Singles from The Last Will and Testament
- "§1" Released: 1 August 2024; "§3" Released: 6 September 2024;

= The Last Will and Testament =

The Last Will and Testament is the fourteenth studio album by Swedish progressive metal band Opeth. The album was originally set to be released on 11 October 2024 through Reigning Phoenix Music, but was pushed back to 22 November 2024 due to manufacturing delays. This is the band's first studio album since In Cauda Venenum (2019), and the first release with drummer Waltteri Väyrynen, who in 2022 officially replaced Martin Axenrot after his departure the year before. It also marks the return of death metal elements such as death growls not used since Watershed (2008).
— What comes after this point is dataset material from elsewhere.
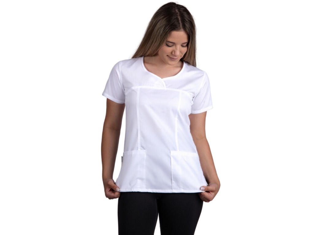 Tato dámská zdravotnická halena se vyznačuje elegantním a efektním výstřihem, díky kterému vypadá moderně a profesionálně. Je cenově dostupná a ideální pro všechny zdravotníky. Dostupná je v módních pastelových barvách, jako je pastelová modrá, mint a klasická bílá, což z ní činí univerzální volbu pro všechna zdravotnická oddělení.

Ian Anderson of Jethro Tull appears on five tracks, contributing flute and spoken word.

Professional ratings
Aggregate scores
| Source | Rating |
| Metacritic | 84/100 |
Review scores
| Source | Rating |
| AllMusic | Star Half star |
| Blabbermouth.net | 10/10 |
| Kerrang! | 3/5 |
| Louder Sound | Star |
| Metal Injection | 9/10 |
| PopMatters | 9/10 |
| Rock Hard | 10/10 |

==Concept==
The album is a concept album set in the post-World War I era, telling the story of a wealthy, conservative patriarch, whose last will and testament reveals shocking family secrets.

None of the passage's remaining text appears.